Content starts
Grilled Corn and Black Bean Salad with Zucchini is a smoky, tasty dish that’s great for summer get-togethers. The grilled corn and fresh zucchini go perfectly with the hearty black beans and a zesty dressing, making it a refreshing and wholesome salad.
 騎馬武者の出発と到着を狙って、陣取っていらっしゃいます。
Content ends
Content starts
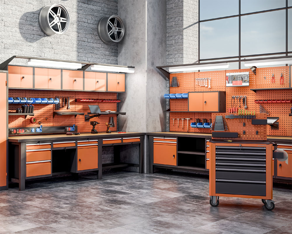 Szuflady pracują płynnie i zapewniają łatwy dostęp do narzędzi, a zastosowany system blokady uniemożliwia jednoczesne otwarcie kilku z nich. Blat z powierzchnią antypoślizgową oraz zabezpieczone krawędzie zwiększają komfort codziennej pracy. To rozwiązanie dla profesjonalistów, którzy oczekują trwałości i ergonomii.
Content ends
Content starts
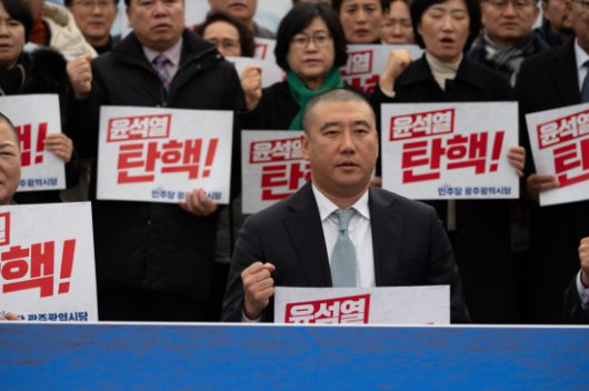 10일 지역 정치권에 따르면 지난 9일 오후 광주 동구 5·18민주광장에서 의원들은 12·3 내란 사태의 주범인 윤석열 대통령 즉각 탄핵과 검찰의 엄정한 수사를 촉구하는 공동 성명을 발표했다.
Content ends
Copy, exactly and only, the lines above that begin with the one containing "Grilled Corn and Black" and finish with the one containing "騎馬武者の出発と到着を狙って、陣取っていらっしゃいます。".

Grilled Corn and Black Bean Salad with Zucchini is a smoky, tasty dish that’s great for summer get-togethers. The grilled corn and fresh zucchini go perfectly with the hearty black beans and a zesty dressing, making it a refreshing and wholesome salad.
 騎馬武者の出発と到着を狙って、陣取っていらっしゃいます。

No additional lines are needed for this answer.